We have an issue were we automatically approve definition updates to Forefront Endpoint Protection 2010 to our servers, this is working fine for all server except the domain controllers. Hopefully somebody here has had the same problem or can point me in the right direction for a solution.
Situation:
We have set up multiple servers with an SCCM client and Forefront Endpoint Protection 2010 but because software updates are working as we want it to we let the servers get their software updates through a dedicated WSUS 3 server which is not part of the
SCCM 207 R3 environment.
The deployment of the Forefront Endpoint 2010 client through SCCM is working fine, all servers have installed the Forefront Endpoint client succesfully.
We have several policies and collections in SCCM defining the different server roles (Domain Controllers, Exchange Servers, SQL Servers, etc).

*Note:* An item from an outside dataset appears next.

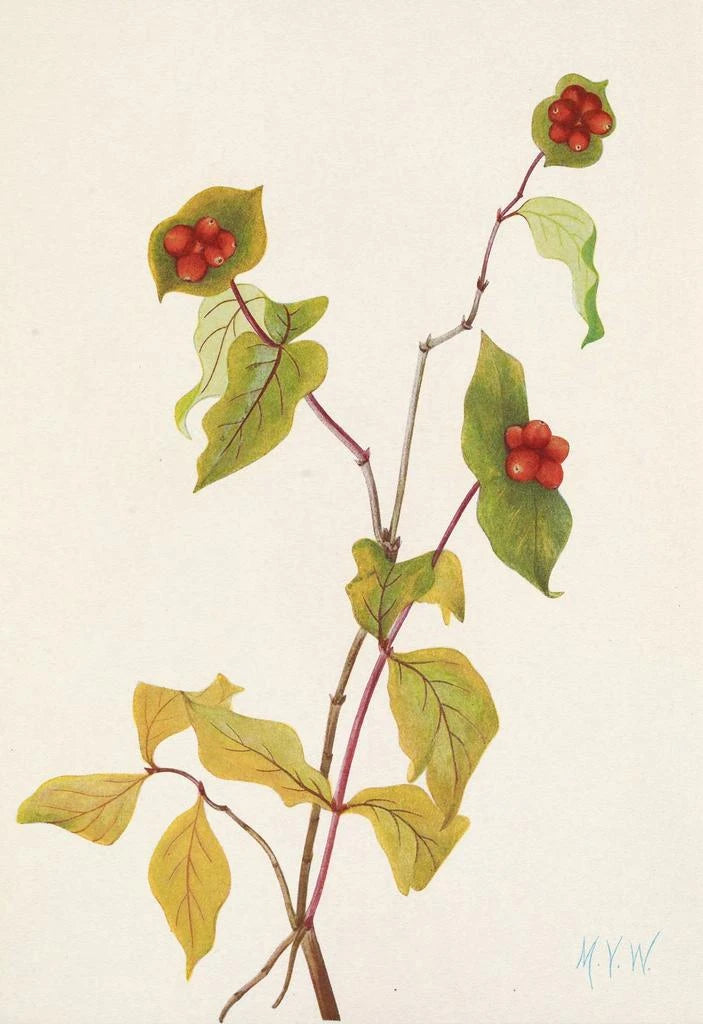 Druk artystyczny | Owoc dzikiego wiciokrzewu Douglas Lonicera glaucescens - Mary Vaux Walcott

All Forefront Endpoint Protection policies are set the same, except for the exclusions which differ per server role.
We have GPO's in place for setting the WSUS server for the servers, in the GPO's we set the updates to download but notify for install, GPO's settings are exactly the same for Domain Controllers, Members Servers, etc. The only difference is the Target Group setting.
We have several groups in WSUS 3 defining the different server roles (Domain Controllers, Member Servers, etc).
We have one Auto Approve rule which auto approves definition updates to Forefront Endpoint Protection to all groups.
The auto approve rule is working for the Member Servers, definition updates are installing fine but the rule is NOT working for the domain controllers, on the domain controllers the definition update is waiting for a manual install in the windows update screen and will not auto install.